━━ DATA BELOW ━━

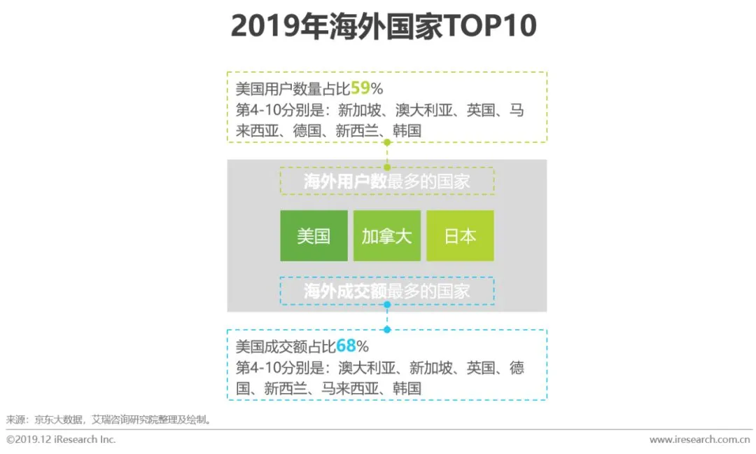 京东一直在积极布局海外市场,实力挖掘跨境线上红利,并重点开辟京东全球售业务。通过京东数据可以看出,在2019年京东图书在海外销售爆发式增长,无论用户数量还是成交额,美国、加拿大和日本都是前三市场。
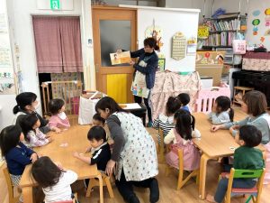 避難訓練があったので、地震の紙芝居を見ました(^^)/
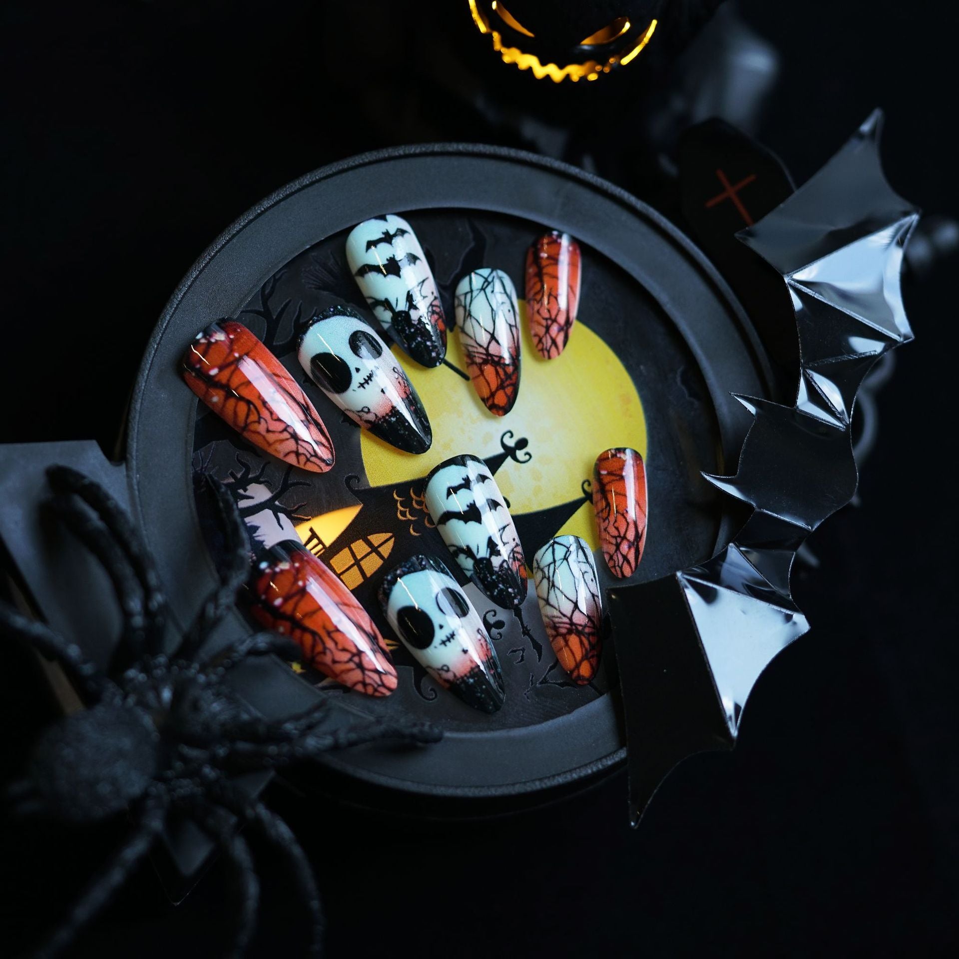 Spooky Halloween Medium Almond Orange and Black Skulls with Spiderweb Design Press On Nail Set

━━━

TO DO
Please retype the whole of the data precisely, omitting pictures.

TASK ANSWER
 京东一直在积极布局海外市场,实力挖掘跨境线上红利,并重点开辟京东全球售业务。通过京东数据可以看出,在2019年京东图书在海外销售爆发式增长,无论用户数量还是成交额,美国、加拿大和日本都是前三市场。
 避難訓練があったので、地震の紙芝居を見ました(^^)/
 Spooky Halloween Medium Almond Orange and Black Skulls with Spiderweb Design Press On Nail Set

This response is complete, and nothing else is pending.